TASK INPUTS Block Start
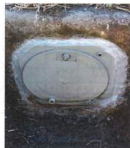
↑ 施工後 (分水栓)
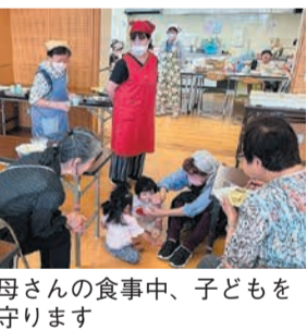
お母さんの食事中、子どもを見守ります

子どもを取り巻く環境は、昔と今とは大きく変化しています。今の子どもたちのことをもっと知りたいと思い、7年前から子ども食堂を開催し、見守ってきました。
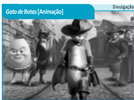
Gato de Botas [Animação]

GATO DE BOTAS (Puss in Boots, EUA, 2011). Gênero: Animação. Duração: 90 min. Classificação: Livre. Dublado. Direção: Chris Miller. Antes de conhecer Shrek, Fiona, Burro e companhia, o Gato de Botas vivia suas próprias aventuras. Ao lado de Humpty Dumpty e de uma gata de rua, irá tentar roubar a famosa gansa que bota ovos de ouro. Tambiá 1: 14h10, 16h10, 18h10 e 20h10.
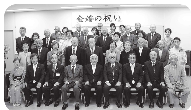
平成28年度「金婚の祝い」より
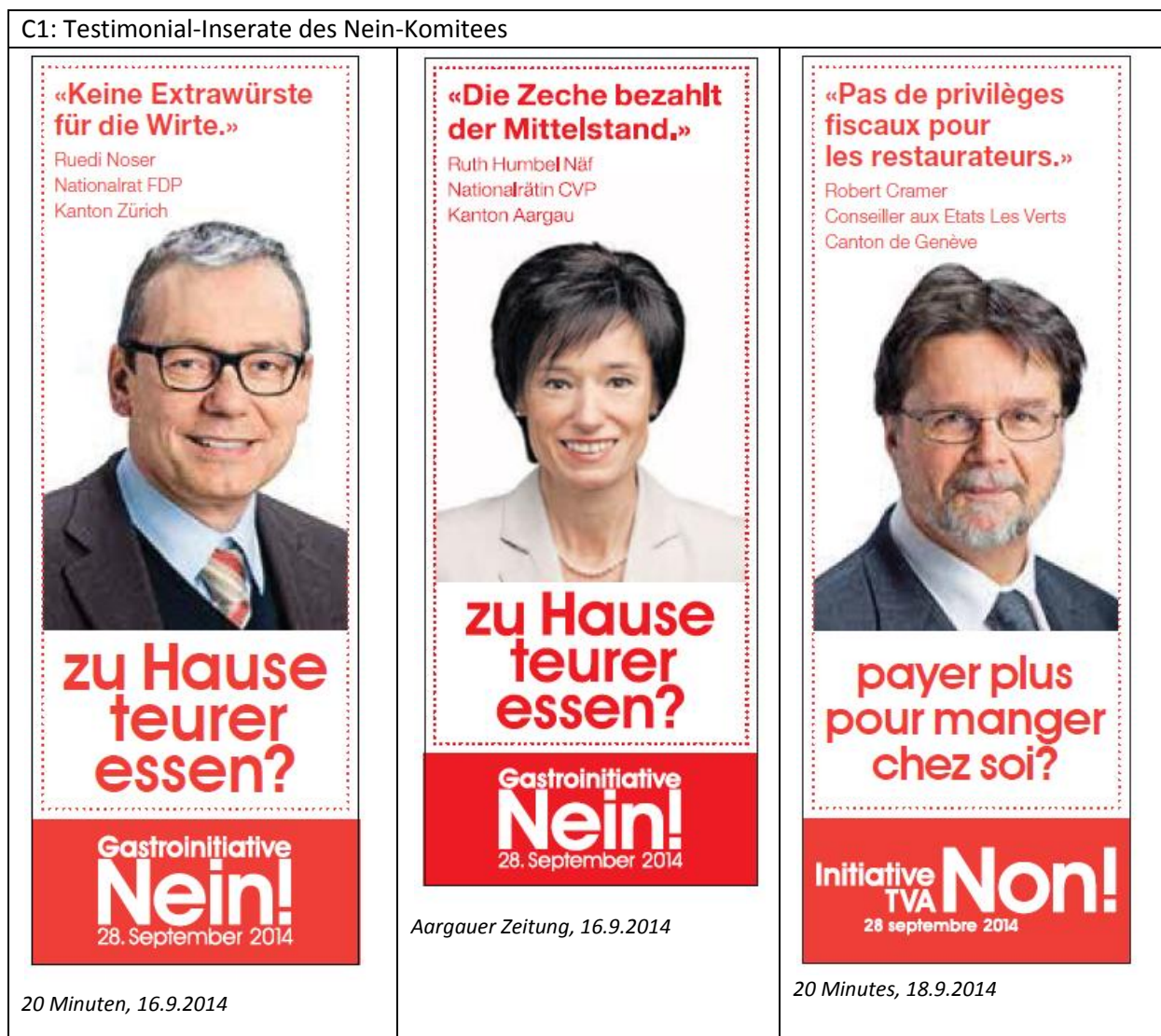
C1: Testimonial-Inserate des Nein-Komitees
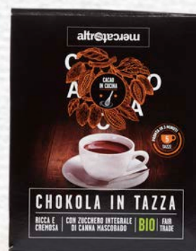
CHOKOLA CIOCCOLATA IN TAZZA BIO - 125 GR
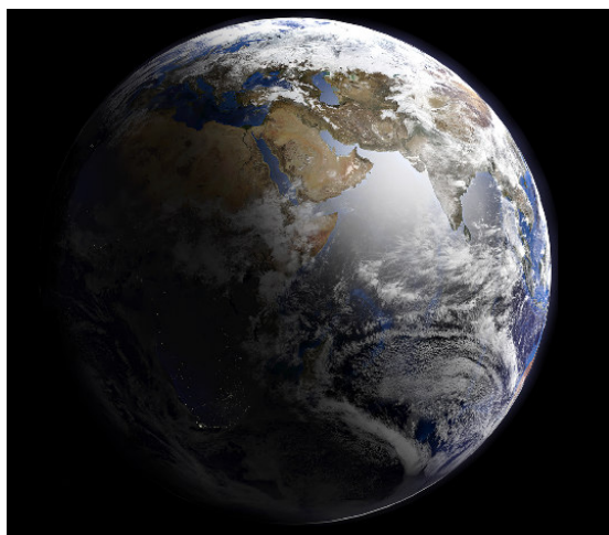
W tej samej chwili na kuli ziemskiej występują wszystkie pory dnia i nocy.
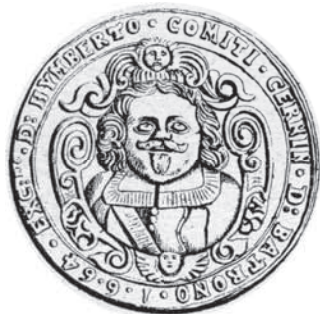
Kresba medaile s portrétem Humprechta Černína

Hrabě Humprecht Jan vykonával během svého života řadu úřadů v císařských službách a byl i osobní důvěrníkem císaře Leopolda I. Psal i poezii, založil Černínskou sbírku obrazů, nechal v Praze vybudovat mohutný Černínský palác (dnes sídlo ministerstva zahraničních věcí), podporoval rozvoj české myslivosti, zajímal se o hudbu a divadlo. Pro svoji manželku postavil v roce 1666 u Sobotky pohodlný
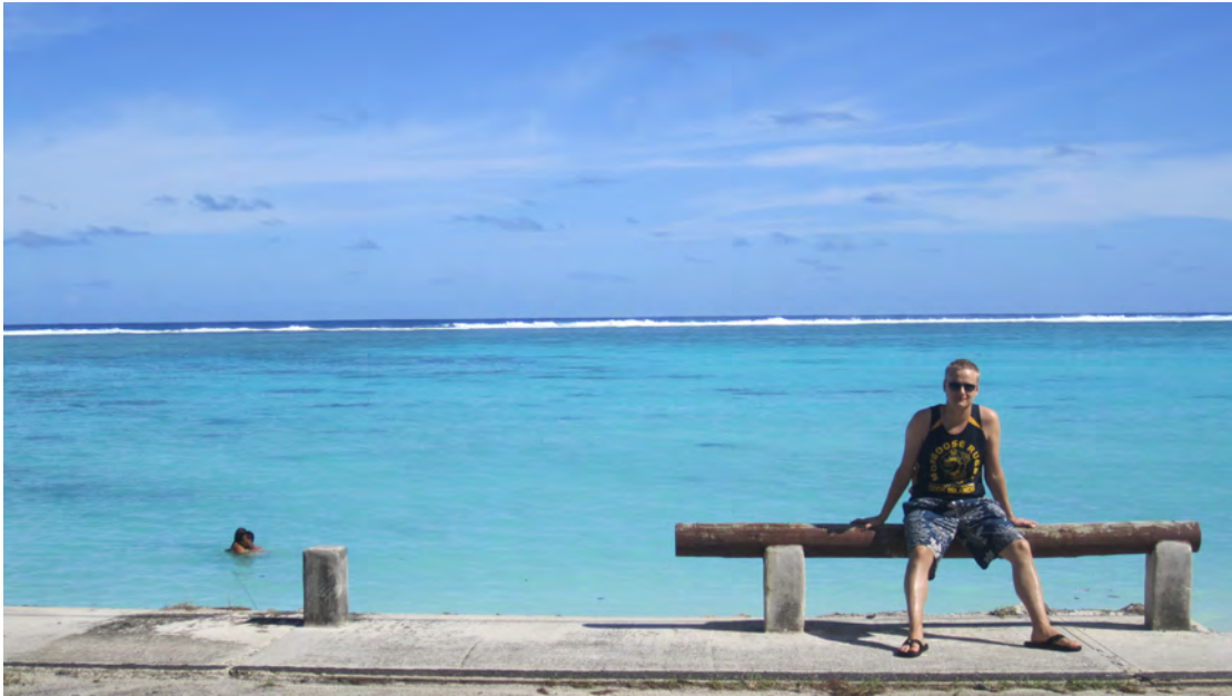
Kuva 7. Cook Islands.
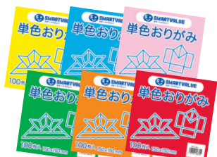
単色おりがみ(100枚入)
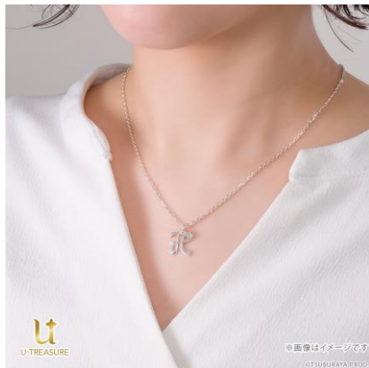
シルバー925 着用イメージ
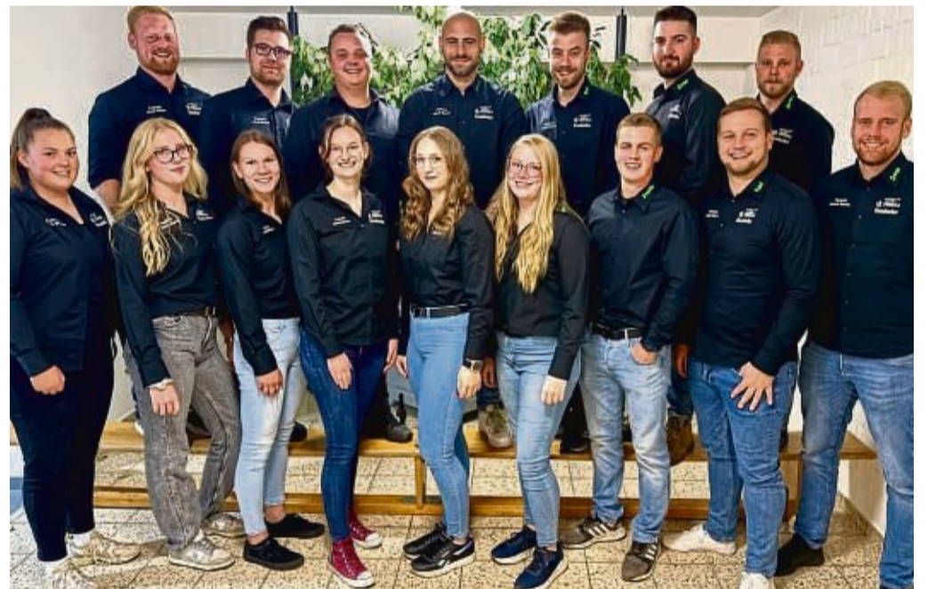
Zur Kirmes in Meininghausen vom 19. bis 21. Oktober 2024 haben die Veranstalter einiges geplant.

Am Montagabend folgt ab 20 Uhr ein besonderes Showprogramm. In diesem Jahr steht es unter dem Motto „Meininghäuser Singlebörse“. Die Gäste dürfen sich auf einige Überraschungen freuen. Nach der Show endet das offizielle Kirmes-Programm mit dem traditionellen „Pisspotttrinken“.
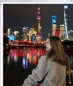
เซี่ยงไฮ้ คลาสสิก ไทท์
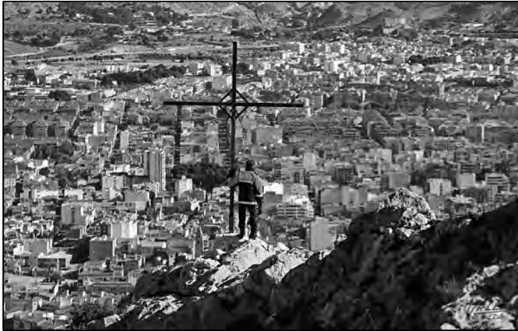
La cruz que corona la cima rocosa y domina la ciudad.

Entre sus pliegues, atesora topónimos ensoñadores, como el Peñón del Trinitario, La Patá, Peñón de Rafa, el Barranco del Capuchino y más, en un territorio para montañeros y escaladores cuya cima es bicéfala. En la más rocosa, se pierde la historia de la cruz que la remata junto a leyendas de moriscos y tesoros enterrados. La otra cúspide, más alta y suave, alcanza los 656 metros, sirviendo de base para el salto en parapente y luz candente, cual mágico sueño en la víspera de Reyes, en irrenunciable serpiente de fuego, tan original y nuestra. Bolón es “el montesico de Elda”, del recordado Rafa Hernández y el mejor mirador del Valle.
TASK INPUTS Block End
**WHAT IS BEING ASKED**
Once the line holding "シルバー925 着用イメージ" is found, set down that line and every line after it, exactly, through the last line of the records above, omitting pictures.

**ANSWER TO THIS PROBLEM**
シルバー925 着用イメージ
Zur Kirmes in Meininghausen vom 19. bis 21. Oktober 2024 haben die Veranstalter einiges geplant.

Am Montagabend folgt ab 20 Uhr ein besonderes Showprogramm. In diesem Jahr steht es unter dem Motto „Meininghäuser Singlebörse“. Die Gäste dürfen sich auf einige Überraschungen freuen. Nach der Show endet das offizielle Kirmes-Programm mit dem traditionellen „Pisspotttrinken“.
เซี่ยงไฮ้ คลาสสิก ไทท์
La cruz que corona la cima rocosa y domina la ciudad.

Entre sus pliegues, atesora topónimos ensoñadores, como el Peñón del Trinitario, La Patá, Peñón de Rafa, el Barranco del Capuchino y más, en un territorio para montañeros y escaladores cuya cima es bicéfala. En la más rocosa, se pierde la historia de la cruz que la remata junto a leyendas de moriscos y tesoros enterrados. La otra cúspide, más alta y suave, alcanza los 656 metros, sirviendo de base para el salto en parapente y luz candente, cual mágico sueño en la víspera de Reyes, en irrenunciable serpiente de fuego, tan original y nuestra. Bolón es “el montesico de Elda”, del recordado Rafa Hernández y el mejor mirador del Valle.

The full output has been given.